In This Place

The work ‘Family’ was made in 1994. This series of images of my sister and her three children presents a narrative of childhood containing both joy and imperfection. ‘In This Place’ updates the story of the children and where their lives have taken them as adults. In the intervening years, their mother has died and they have all started their own families with seven children between them. All have moved from one housing estate in Central Scotland poised to undergo urban regeneration, to another in the same town, where they live in similar flats in random pockets that have yet to be touched by redevelopment.

Fundamentally, this is a story of people’s lives: what they do and what they want. Where the ‘place’ is both mental and physical: where we put ourselves and where we are put, sometimes by others and sometimes by circumstance. What puts us there, what keeps us there, and do we want to be there? These are the central questions of ‘In This Place’.

Family (1994)
‘Family’ initially began as a project on my sister and her experiences as a parent but quickly became a story on children and their childhood world that I was allowed a glimpse into. This was a world at times both tender and tough, loving yet bewildering.
The three children had a distinct inner and interconnected world, existing within a cocoon of support for and from one another. All their experience was interdependent on the other, and their mother was only really there on the periphery – to feed and to clothe and to wash – but their actual lives were fundamentally lived with and for one another.

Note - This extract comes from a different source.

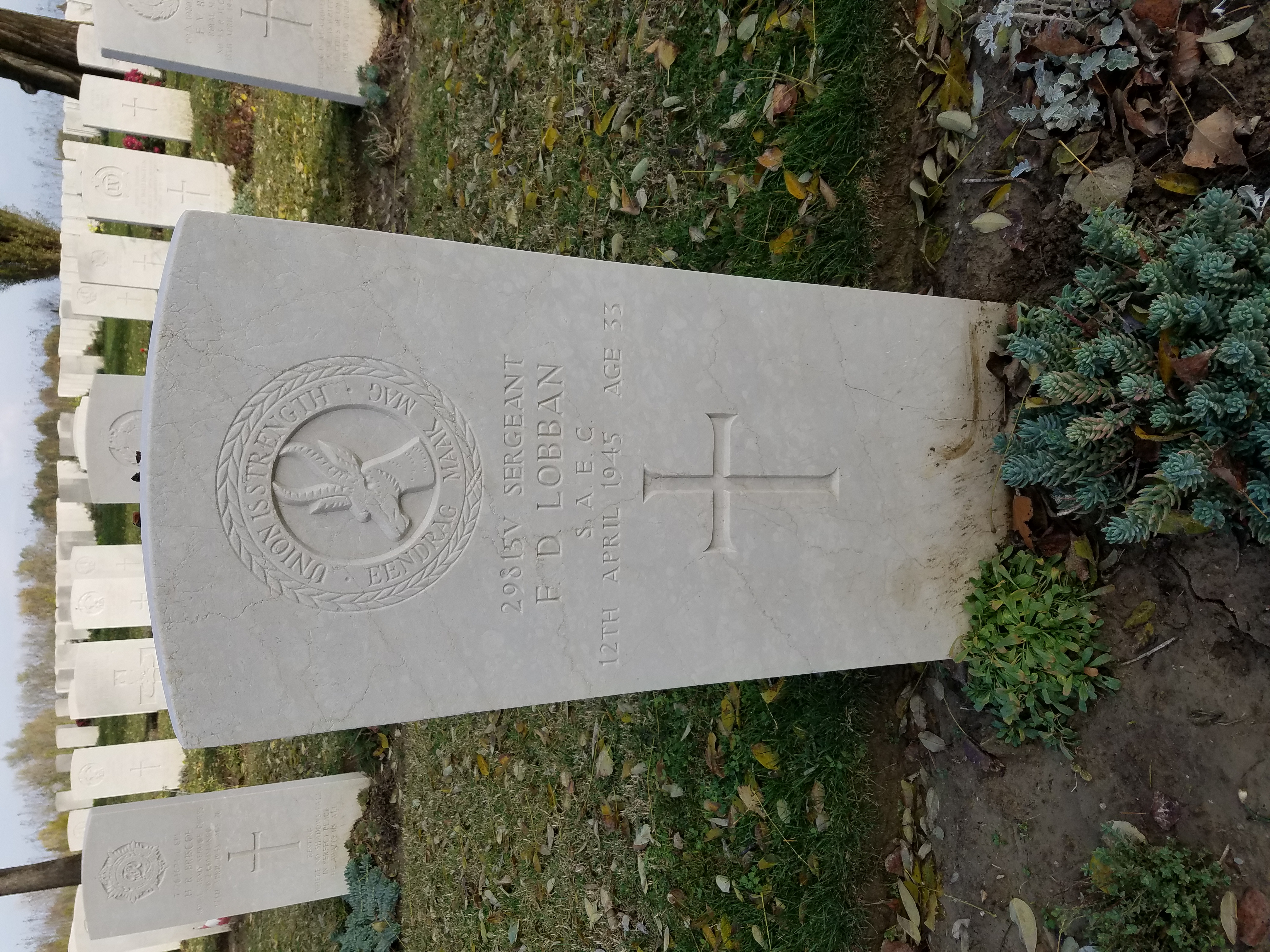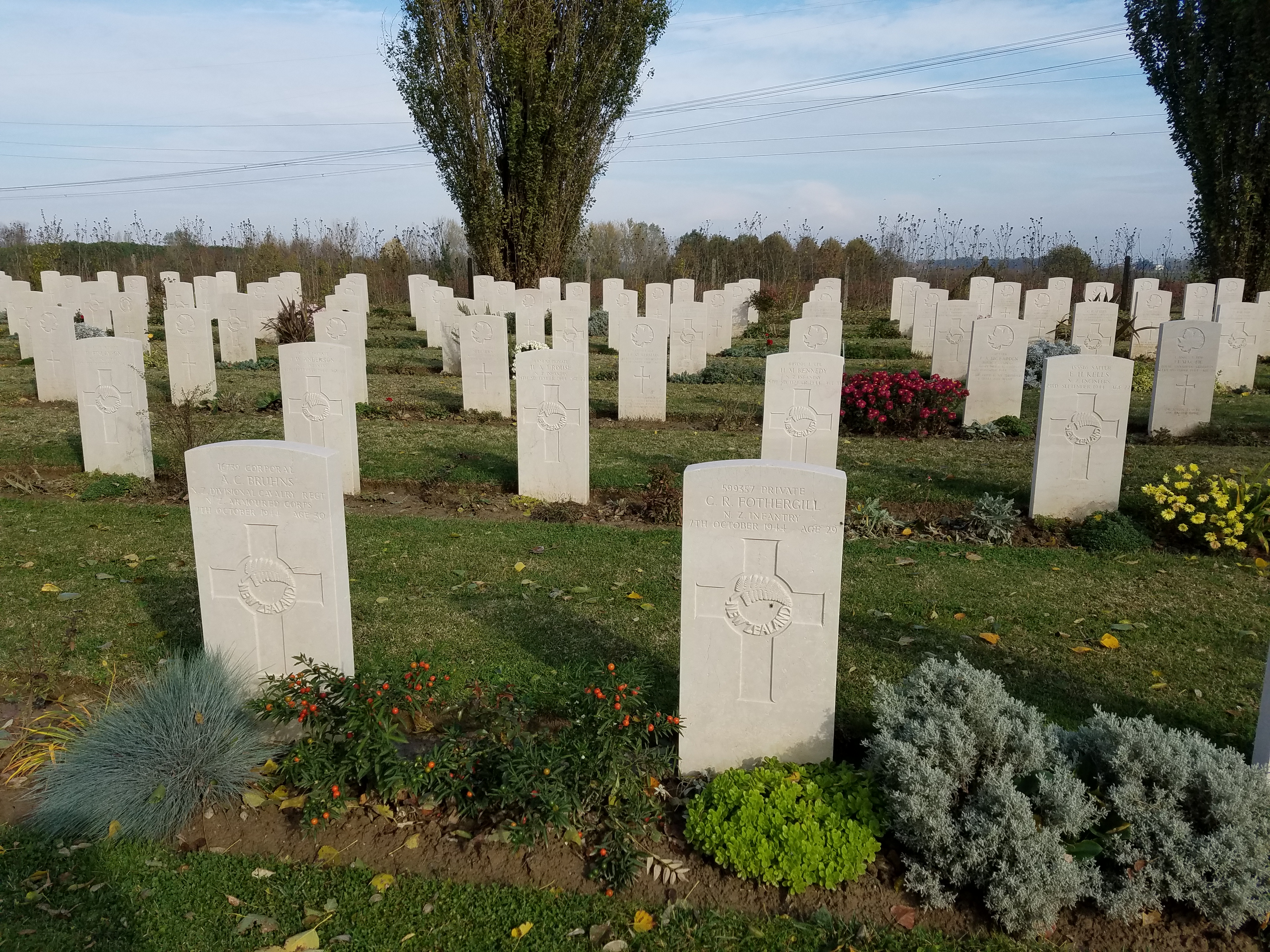 Ravenna War Cemetery (near Piangipani, Ravenna Province, Emilia-Romagna Region, Italy) - WWI and WWII Commonwealth - 11 South Africans, 8 Australians, 33 total burials from WWI; 33 Jewish Brigade, United Kingdom, Indians, Canadians, New Zealanders, 955 total burials from WWII, 63 Unknown.

At the time, I thought it not important that this was part of my own extended family yet by calling it ‘Family’, I still wanted to claim the photographs whilst leaving it open to interpretation. My sister is dead now and her children are adults with their own children and their own families. So the family renews. It endures.

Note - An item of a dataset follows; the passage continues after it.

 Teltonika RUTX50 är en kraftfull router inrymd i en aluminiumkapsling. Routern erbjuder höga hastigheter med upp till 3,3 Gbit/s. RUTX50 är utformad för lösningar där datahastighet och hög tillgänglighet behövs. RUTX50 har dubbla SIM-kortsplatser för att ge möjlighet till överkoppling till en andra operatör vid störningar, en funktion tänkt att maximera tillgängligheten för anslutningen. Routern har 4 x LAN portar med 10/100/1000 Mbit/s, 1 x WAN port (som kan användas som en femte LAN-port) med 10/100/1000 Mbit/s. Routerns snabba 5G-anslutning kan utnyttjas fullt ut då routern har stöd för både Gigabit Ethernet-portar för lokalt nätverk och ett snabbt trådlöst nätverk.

In This Place (2016 ongoing)
With the death of my sister, a further loss presented itself – a growing disconnection from her children and especially from her grandchildren that I wanted to repair. Although most of my work is not personal, I appreciate that photography has allowed me into so many people’s lives, so perhaps it is what I turn to – it is the excuse, the reason, and the justification to be there. Or at least a possibility, an entry point to grow from. So began ‘In This Place’.

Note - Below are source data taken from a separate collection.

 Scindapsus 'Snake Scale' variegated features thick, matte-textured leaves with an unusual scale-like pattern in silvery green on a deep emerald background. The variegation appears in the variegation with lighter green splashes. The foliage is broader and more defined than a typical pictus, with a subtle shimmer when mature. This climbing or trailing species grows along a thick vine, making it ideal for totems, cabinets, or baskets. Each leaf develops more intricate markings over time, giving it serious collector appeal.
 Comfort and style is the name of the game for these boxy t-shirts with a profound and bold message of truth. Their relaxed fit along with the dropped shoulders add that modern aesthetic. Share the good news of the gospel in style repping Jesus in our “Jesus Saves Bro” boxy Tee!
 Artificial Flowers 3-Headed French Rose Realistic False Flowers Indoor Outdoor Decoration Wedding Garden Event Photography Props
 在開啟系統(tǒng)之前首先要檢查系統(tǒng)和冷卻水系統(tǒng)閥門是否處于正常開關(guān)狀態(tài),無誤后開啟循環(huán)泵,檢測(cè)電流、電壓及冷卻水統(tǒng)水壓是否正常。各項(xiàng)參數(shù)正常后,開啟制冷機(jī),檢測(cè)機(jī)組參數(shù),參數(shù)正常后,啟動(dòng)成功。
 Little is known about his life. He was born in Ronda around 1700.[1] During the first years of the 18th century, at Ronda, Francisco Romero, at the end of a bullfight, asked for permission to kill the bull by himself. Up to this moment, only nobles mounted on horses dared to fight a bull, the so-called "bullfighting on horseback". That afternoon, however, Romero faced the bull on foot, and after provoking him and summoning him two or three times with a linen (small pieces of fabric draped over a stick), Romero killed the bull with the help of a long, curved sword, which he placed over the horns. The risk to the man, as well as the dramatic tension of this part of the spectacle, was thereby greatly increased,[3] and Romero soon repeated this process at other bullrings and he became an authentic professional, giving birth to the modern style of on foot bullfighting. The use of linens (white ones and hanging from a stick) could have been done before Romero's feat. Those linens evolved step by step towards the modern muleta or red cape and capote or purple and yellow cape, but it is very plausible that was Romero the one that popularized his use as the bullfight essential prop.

Looking at family and home, connections and place and touching on issues of social and personal inertia. Behind my personal connection sits a larger narrative of social mobility, environment and choice. Do we have choices in life or are some predetermined to an extent and made for us?

Life feels somewhat static in the housing estates of Central Scotland. Motionless. Immobile. Within this social landscape all that has changed for the children from 1994 is movement from one area scoring high in The Scottish Index of Multiple Deprivation to another. A simple bus ride across town.

Yet against this backdrop of parental loss and limited life options there is a glue that binds the original three children together – living in similar flats, in the same area – intertwined and interdependent as they were in 1994. Together, they are and remain, ‘In This Place’.

Margaret Mitchell

Margaret Mitchell is a photographer based in Glasgow. Her overarching interest lies in people and their stories, with childhood, youth, place and belonging often explored in the people and places photographed.

She often photographs children and young people - people in the midst of establishing a sense of self; sometimes being in transformation from one state to another: child to youth to adult. The inner and lived worlds of others are central to her photography with her work seeking to portray the individual and their experience(s).

Her work has been exhibited widely, including at the European Parliament and at the National Portrait Gallery as part of the Taylor Wessing Photographic Portrait Prize.

Alongside her own photographic practice, her interests span curating, teaching and participatory arts practice. She set up The Story Portrait, an online journal where photographers discuss one of their portraits. She previously lectured for over a decade in photography and continues to work within community and collaborative arts settings.